Liu Yuhong, Wang Shasha, Shen Lingxun, Xu Yulan
Department of Immunology and Rheumatology, Union Hospital, Tongji Medical College, Huazhong University of Science and Technology, Wuhan 430022, China.
J Huazhong Univ Sci Technolog Med Sci. 2010 Dec;30(6):741-5. doi: 10.1007/s11596-010-0650-y. Epub 2010 Dec 22.
The present study examined the functional profile of dendritic cells (DCs) in patients with rheumatoid arthritis (RA) and the effects of simvastatin on the function of DCs. A total of 40 patients who was recently diagnosed as having RA were equally assigned to two groups: the routine treatment group (group R) and the routine treatment plus simvastatin group (group R+S). Twenty healthy individuals served as control. The peripheral blood mononuclear cells (PBMCs) were isolated before and 4 weeks after the treatment and then cultured with interleukin-4 (IL-4) and granulocyte-macrophage colony stimulatory factor (GM-CSF) to prepare mature DCs. The expression of co-stimulating factor CD86 on the surface of DCs was assessed by flow cytometry. And the stimulating capacity of DCs was measured by mixed lymphocyte reaction (MLR). The contents of cytokines in culture supernatants of DCs in MLR were detected by ELISA. Blood lipids and high-sensitivity C-reactive protein (hs-CRP) were detected. The relationship between the expression of CD86 and the blood CRP level was also investigated. The results showed that, as compared with the control group, the CD86 expression and the level of cytokines secreted by DCs were significantly increased in RA patients and greater stimulating capacity of DCs in MLR was demonstrated in RA patients. T lymphocytes in MLR secreted higher levels of proinflammatory cytokines (IL-2, IL-17, TNF-α and INF-γ) and lower level of anti-inflammation cytokine (IL-10). The function of DCs was markedly weakened and the level of hs-CRP and low-density lipoprotein was substantially lowered in group R+S in comparison to group R. The CD86 expression was positively correlated with hs-CRP. It was concluded that DCs in RA are highly activated and DC-initiated immune reaction may play an important role in the pathogenesis of RA. Simvastatin administration can significantly inhibit the DCs function and reduce the level of hs-CRP, indicating the suppression on inflammatory reaction may be one of the mechanisms by which simvastatin exerts its effect in treating RA.

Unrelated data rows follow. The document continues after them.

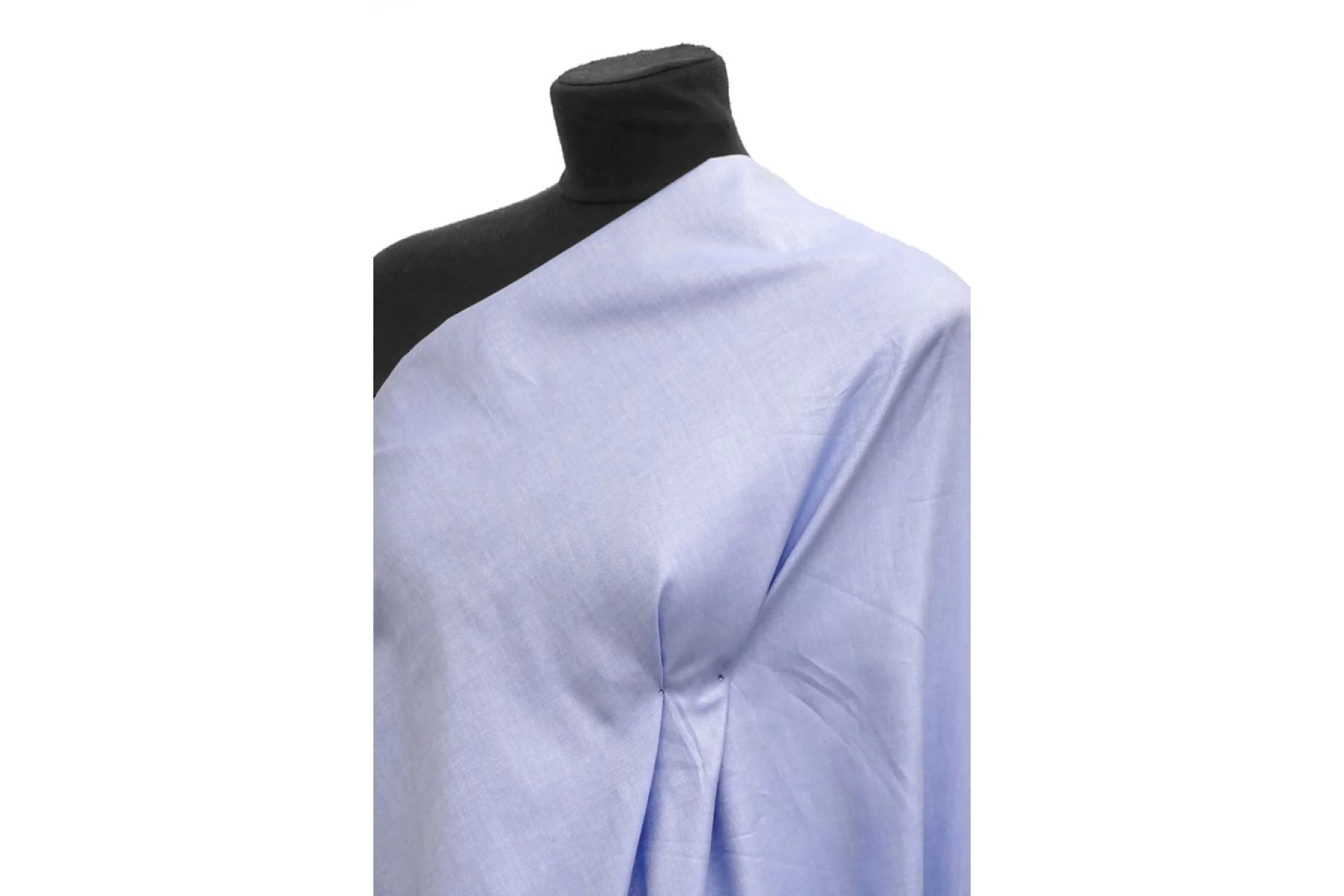 Итальянский рубашечный хлопок голубого цвета. Материал тактильно очень приятный и мягкий. С красивым лоском. Хорошо драпируется и красиво смотрится в складке. Форму держит неплохо. Не тянется. Немного просвечивает. Отличный вариант для пошива платья, рубашки, сарафана и юбки. Для однослойных изделий при необходимости используйте подкладочный материал.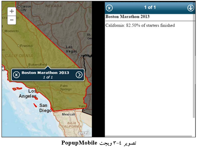 میخواهیم گام بلندتری از این مثال برداریم. PopupTemplate انعطاف زیادی دارد مثلاً میتوان با استفاده از PopupTemplate به MobilePopUp نمودار اضافه کرد. تصویر زیر را ببینید: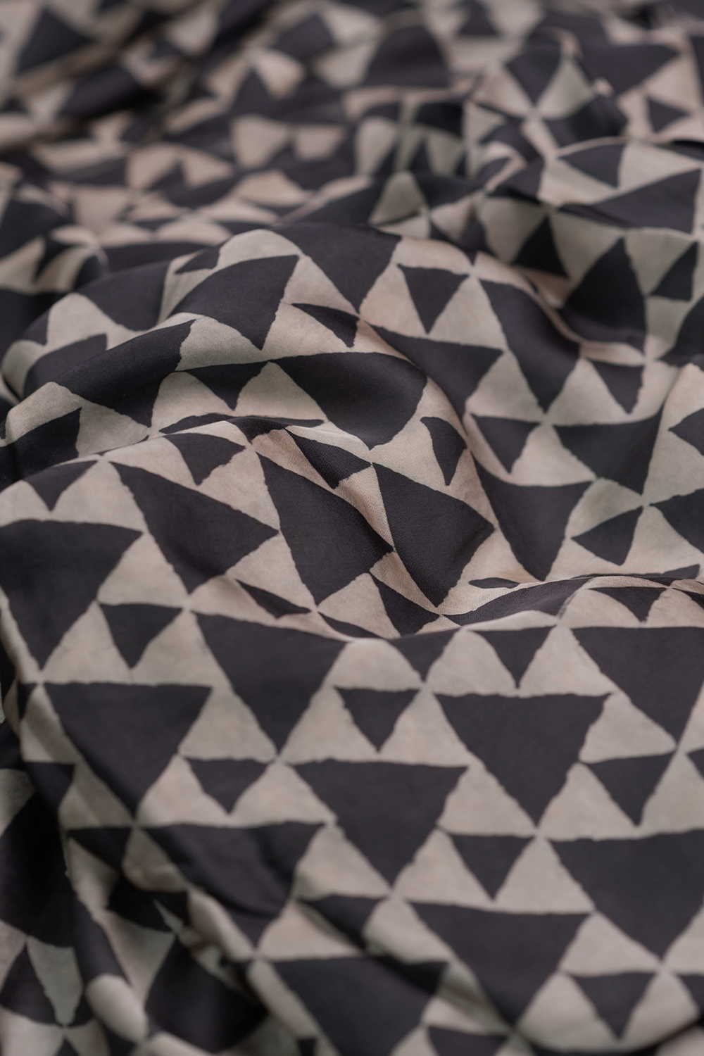 Pyramid on Grey Block Printed Modal Silk Fabric
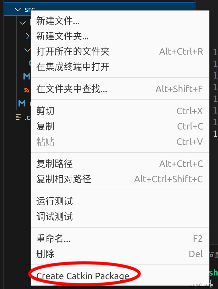vscode文件栏选中catkin_ws/src后右击,选择 create catkin package,依次填入包名和依赖,这里我分别用helloROS 和 (roscpp rospy std_msgs)为例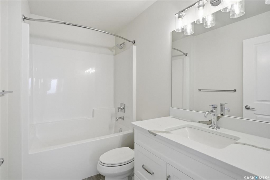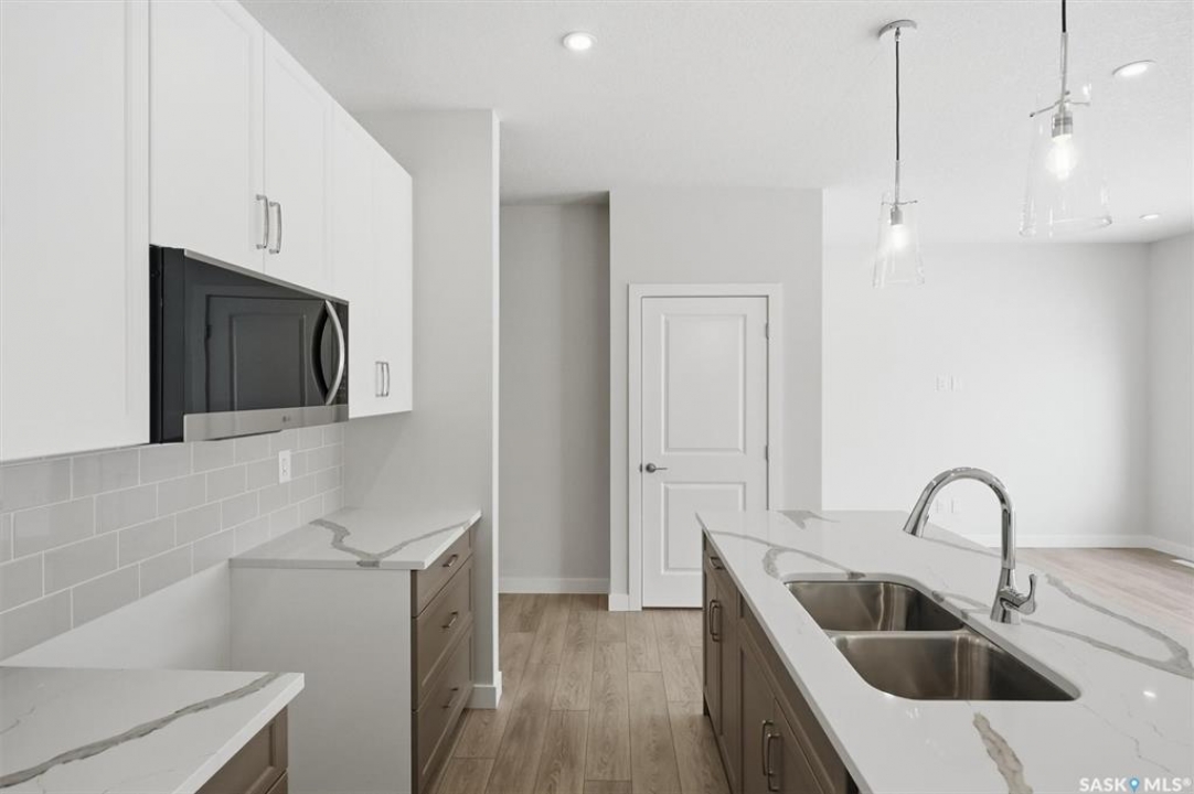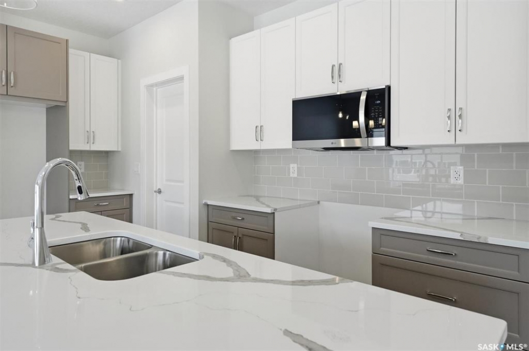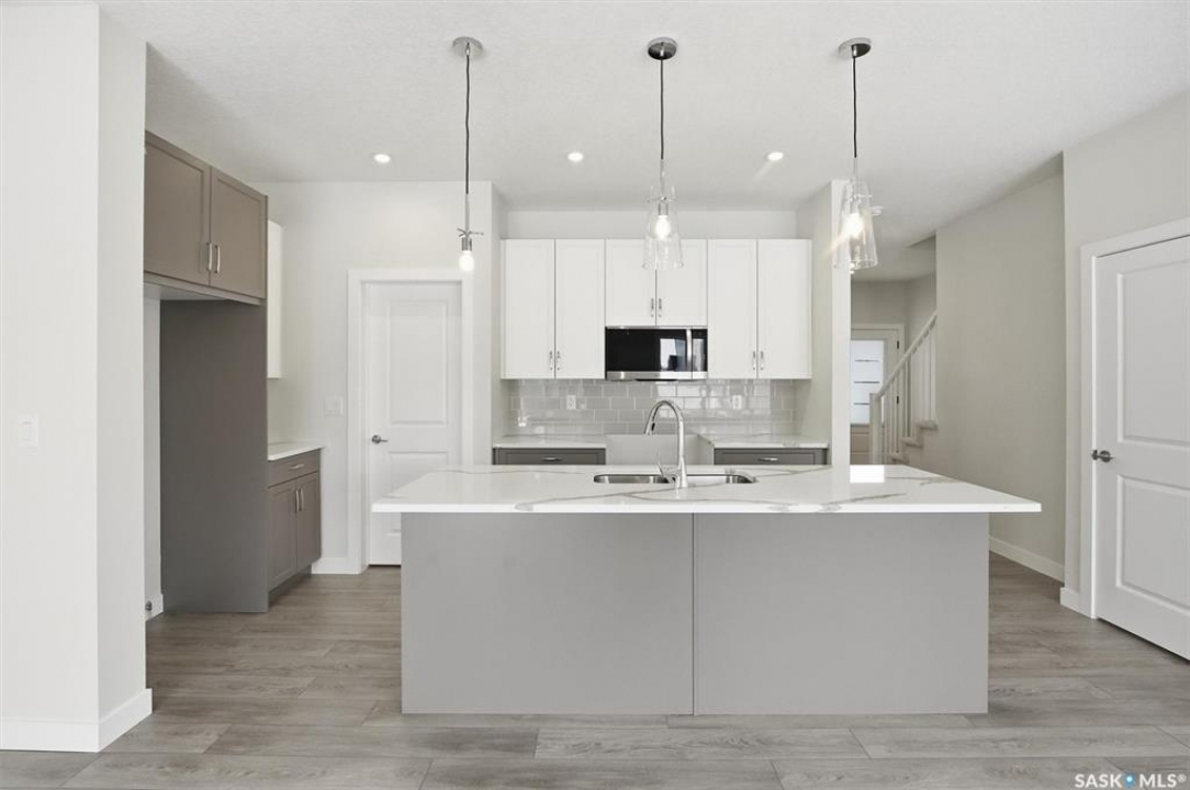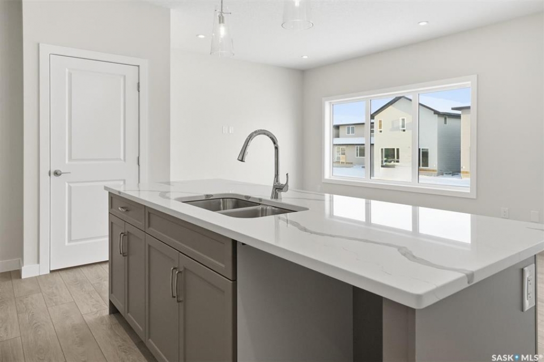 The "Oliver" by North Ridge Development Corporation is a "Suite Ready" 1501 square foot 2-Storey home located in the growing community of Brighton. A bright main floor layout featuring a large kitchen with walkthru pantry and island, dining area, living room, and 2-pce bath. Durable vinyl plank flooring in kitchen, living and dining rooms is attractive in appearance, high quality shelving in all closets and an upgraded trim package giving a fresh and modern feel along with beautiful cabinetry and quartz counter tops. The 2nd level features 3 bedrooms, a 4-piece main bathroom, and laundry. The master bedroom showcases beautifully with a 3-piece ensuite and walk-in closet. A side basement entry adds potential for future development or suite options. This home also includes a heat recovery ventilation system and high efficient furnace. GST and PST included in purchase price with applicable rebates to builder. Saskatchewan Home Warranty Premium Coverage. This home is move-in ready!

本研究检测了类风湿关节炎(RA)患者树突状细胞(DCs)的功能概况以及辛伐他汀对DCs功能的影响。共有40例近期诊断为RA的患者被平均分为两组:常规治疗组(R组)和常规治疗加辛伐他汀组(R+S组)。20名健康个体作为对照。在治疗前和治疗4周后分离外周血单个核细胞(PBMCs),然后用白细胞介素-4(IL-4)和粒细胞-巨噬细胞集落刺激因子(GM-CSF)培养以制备成熟DCs。通过流式细胞术评估DCs表面共刺激因子CD86的表达。并通过混合淋巴细胞反应(MLR)测量DCs的刺激能力。用ELISA检测MLR中DCs培养上清液中细胞因子的含量。检测血脂和高敏C反应蛋白(hs-CRP)。还研究了CD86表达与血液CRP水平之间的关系。结果显示,与对照组相比,RA患者DCs的CD86表达和分泌的细胞因子水平显著增加,并且在RA患者中证明了DCs在MLR中的刺激能力更强。MLR中的T淋巴细胞分泌更高水平的促炎细胞因子(IL-2、IL-17、TNF-α和INF-γ)和更低水平的抗炎细胞因子(IL-10)。与R组相比,R+S组DCs的功能明显减弱,hs-CRP和低密度脂蛋白水平大幅降低。CD86表达与hs-CRP呈正相关。得出结论,RA中的DCs被高度激活,DC启动的免疫反应可能在RA的发病机制中起重要作用。给予辛伐他汀可显著抑制DCs功能并降低hs-CRP水平,表明对炎症反应的抑制可能是辛伐他汀发挥治疗RA作用的机制之一。